To get the food where it needs to go, school nutrition directors place orders with the Food Distribution division for whatever their schools want to purchase. Two schools may not need or want the same exact items, and different options become available at different times during the year as they come in and out of season.

Strawberries are loaded onto trucks and delivered over the weekend, so that schools have them in time for lunch on Monday.
Farm to School is just one of the responsibilities that food distribution handles across the state.

Broadly, the division administers USDA nutrition programs at the state level, including school feeding programs like Farm to School and emergency feeding operations.

Walter Beal, warehouse manager at the food distribution facility in Creedmoor, said that the division’s food shipping infrastructure and experience were vital during recovery efforts after Hurricane Matthew and Hurricane Florence.

“We ran 29 trips during Matthew, and 27 during Florence,” Beal said. “Even when the roads were flooded and people were saying there was no way to get to Wilmington, our guys found a way in.”

Not all of that cargo was even food, Beal said.
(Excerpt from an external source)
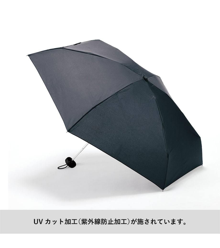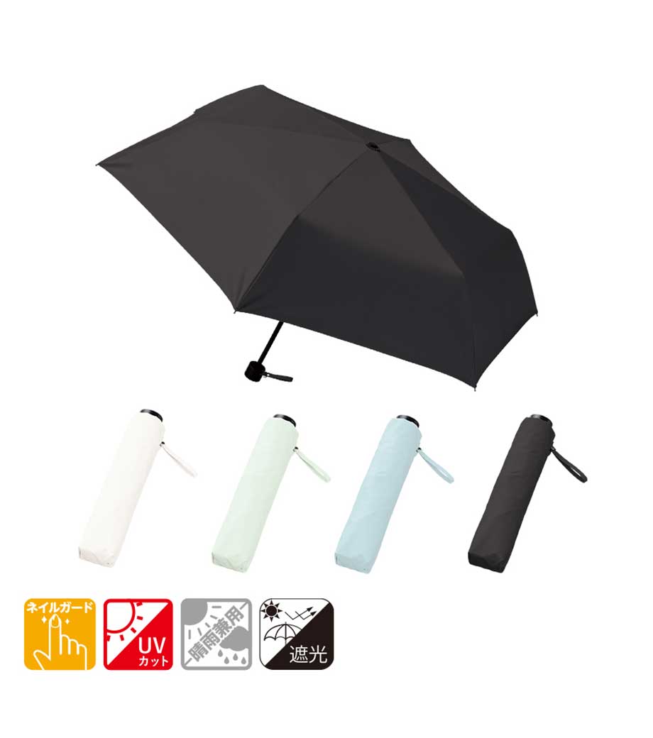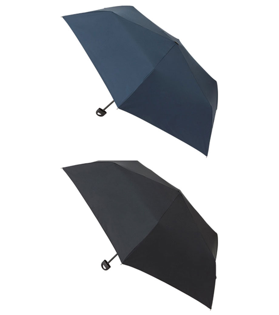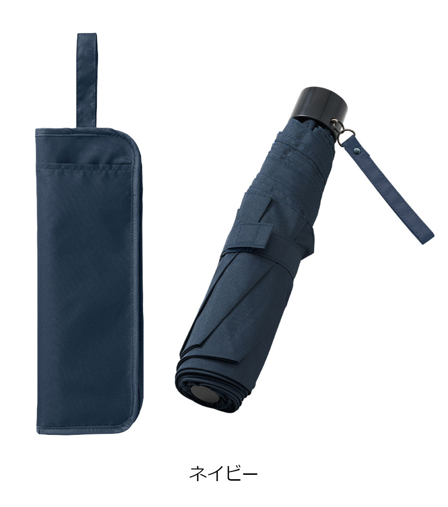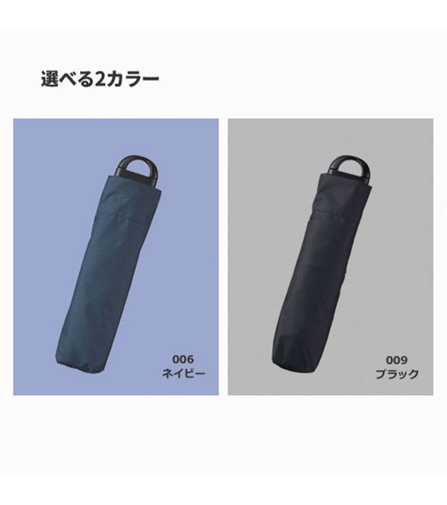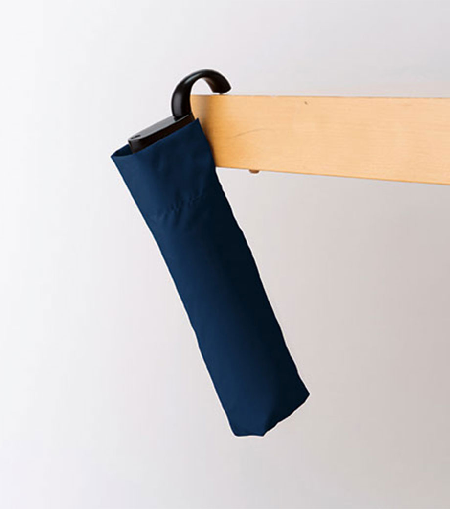 「スタンダードUV折りたたみ傘」は、あきのこないシンプルなデザイン。透明UVカット加工を施してあるので、晴雨兼用で使えます。傘を開閉する際に指が骨に当たって痛くならないよう、ネイルガードを付けた親切設計。本体色は、ネイビー・ブラック・カーキベージュの3色から選べます。

Some of the trucks heading to disaster recovery areas during Florence carried bales of hay, as the food distribution division looked for any way to be of help during the storm.

All told, the division ships food to around 500 different agencies statewide. Whether it be a school seeking fresh produce, a soup kitchen providing essential meals to a local community or a disaster recovery zone in need of vital supplies, food distribution makes sure that essential food gets where it needs to go, and when it needs to get there.